Welcome to the Total Strength Fitness Video Workout Page!

This page has been created to give my remote clients access to workouts that we have been doing. Anyone is welcome to use these videos; however, I caution everyone to go at your own pace and to know your fitness abilities before doing any workout. Of course, it is recommended that you check with your physician before taking on a new fitness routine. You also are welcome to contact Colleen with any questions. Once the current health situation settles down and we are all back to our normal routine, this page will become private.

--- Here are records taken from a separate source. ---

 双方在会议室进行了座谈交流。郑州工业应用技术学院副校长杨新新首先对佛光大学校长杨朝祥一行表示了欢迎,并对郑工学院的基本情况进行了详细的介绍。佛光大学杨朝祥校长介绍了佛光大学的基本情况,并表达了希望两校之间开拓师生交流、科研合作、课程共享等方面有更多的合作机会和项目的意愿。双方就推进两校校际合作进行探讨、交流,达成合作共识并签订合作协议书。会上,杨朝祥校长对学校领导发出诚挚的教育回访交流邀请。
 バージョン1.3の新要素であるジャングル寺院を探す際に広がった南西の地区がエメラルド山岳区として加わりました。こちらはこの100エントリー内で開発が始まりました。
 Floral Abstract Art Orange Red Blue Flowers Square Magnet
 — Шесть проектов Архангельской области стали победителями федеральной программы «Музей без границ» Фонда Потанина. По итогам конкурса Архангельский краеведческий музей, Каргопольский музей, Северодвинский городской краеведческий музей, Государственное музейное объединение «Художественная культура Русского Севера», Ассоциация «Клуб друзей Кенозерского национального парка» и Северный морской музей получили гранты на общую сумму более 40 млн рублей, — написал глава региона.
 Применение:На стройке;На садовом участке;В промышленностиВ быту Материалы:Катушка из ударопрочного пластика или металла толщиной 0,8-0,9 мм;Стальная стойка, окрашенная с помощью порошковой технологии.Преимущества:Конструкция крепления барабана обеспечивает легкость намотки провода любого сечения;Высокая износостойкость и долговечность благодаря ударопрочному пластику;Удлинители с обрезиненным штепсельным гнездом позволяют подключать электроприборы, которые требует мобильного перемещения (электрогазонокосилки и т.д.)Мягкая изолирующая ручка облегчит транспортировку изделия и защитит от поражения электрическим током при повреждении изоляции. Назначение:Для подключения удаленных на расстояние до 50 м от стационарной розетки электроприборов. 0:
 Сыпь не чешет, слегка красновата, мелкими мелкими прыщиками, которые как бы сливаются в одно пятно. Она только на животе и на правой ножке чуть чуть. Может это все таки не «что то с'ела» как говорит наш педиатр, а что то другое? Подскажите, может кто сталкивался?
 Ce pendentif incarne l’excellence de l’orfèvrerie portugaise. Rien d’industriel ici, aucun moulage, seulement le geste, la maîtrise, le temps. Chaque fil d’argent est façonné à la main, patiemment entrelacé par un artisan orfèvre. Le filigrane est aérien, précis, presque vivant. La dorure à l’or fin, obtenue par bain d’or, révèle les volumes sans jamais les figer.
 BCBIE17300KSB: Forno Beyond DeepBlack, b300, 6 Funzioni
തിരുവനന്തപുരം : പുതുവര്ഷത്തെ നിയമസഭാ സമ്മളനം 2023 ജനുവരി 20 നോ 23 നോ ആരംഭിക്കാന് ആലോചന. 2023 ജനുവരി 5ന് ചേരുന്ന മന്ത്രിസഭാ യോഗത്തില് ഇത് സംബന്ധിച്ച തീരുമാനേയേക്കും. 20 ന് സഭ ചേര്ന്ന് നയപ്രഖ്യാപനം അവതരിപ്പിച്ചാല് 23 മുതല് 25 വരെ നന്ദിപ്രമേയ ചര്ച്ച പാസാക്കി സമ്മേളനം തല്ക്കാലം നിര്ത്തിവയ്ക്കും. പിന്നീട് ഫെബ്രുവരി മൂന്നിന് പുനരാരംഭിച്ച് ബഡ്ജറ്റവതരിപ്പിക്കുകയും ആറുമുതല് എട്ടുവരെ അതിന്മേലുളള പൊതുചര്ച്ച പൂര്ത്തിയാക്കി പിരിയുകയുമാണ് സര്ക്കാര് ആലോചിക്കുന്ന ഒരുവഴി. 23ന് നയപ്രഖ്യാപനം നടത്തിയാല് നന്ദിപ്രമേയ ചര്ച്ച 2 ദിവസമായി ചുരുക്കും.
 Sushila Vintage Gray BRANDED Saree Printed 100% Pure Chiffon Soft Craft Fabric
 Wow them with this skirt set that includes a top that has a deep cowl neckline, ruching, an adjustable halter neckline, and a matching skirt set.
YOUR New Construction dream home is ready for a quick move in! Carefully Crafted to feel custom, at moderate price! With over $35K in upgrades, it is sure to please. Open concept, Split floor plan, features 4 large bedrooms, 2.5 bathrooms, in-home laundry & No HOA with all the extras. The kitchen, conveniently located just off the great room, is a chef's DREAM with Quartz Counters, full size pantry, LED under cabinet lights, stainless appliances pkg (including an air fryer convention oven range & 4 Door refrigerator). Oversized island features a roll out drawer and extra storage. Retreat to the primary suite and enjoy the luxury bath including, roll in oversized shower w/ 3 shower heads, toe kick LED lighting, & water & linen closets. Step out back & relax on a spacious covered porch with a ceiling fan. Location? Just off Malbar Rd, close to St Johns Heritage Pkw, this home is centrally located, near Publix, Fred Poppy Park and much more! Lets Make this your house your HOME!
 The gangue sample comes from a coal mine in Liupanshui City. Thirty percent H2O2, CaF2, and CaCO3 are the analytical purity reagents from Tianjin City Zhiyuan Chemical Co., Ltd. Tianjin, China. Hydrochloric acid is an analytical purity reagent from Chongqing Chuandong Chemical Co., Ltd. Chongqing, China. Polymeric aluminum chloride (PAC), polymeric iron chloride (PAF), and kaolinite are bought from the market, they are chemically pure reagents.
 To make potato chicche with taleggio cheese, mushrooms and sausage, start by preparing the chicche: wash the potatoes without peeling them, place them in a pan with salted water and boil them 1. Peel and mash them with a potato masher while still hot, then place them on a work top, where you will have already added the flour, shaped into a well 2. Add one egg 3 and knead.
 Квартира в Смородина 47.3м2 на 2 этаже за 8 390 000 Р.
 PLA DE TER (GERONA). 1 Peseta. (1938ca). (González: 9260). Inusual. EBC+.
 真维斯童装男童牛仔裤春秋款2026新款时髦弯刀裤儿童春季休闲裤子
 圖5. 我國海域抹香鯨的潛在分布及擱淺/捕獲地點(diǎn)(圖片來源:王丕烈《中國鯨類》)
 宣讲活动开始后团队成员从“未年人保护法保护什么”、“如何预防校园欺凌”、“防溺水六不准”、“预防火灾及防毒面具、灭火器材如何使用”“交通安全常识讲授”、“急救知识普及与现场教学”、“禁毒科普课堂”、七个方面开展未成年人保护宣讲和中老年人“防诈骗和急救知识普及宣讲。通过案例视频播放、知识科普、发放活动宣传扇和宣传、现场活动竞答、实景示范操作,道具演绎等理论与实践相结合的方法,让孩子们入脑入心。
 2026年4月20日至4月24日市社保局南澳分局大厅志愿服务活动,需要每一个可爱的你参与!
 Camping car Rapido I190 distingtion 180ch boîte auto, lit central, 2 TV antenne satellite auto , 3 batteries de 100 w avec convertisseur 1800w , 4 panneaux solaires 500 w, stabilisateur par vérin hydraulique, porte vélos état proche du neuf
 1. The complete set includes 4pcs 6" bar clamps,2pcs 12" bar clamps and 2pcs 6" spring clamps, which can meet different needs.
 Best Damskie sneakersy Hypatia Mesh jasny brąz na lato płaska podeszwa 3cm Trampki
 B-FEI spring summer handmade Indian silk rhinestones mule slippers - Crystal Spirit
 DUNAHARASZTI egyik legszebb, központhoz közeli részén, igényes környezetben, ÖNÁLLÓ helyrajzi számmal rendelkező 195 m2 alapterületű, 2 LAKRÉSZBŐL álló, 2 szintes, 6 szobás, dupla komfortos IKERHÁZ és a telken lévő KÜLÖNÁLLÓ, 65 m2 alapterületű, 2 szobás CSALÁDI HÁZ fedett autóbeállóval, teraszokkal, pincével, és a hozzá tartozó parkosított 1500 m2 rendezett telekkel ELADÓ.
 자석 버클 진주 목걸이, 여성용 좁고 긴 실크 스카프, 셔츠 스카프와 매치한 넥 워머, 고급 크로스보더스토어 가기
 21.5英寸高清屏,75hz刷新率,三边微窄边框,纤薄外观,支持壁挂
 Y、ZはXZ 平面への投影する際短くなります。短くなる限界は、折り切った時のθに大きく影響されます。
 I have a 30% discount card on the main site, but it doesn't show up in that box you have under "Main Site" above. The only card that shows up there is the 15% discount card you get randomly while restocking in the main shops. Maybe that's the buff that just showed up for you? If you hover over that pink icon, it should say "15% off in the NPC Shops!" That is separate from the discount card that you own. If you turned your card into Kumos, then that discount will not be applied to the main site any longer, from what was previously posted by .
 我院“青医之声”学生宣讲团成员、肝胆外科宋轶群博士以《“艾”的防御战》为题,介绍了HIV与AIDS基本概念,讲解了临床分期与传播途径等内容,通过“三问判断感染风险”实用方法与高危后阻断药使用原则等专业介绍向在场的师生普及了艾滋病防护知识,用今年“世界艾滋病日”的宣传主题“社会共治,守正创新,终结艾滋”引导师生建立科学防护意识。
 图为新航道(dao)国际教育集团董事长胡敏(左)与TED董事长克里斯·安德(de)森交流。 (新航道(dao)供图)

I hope these videos are helpful to you. More will beĀ  added over time. May they help you remain active, fit and healthy as you may be spending more time at home. Thank you for visiting and may you be blessed each day with the ability to move and have fun!

Standard Warm Up

This is a simple and quick warm up that you can use to get ready to move for just about any type of workout. It’s primary purpose is to get your joints a bit more mobile, to get your muscles a bit warmer, and to prepare your brain for a great workout! You can spend more time on each movement than is shown in the video – especially if you have a more intense workout ahead. OK! Let’s get ready to move!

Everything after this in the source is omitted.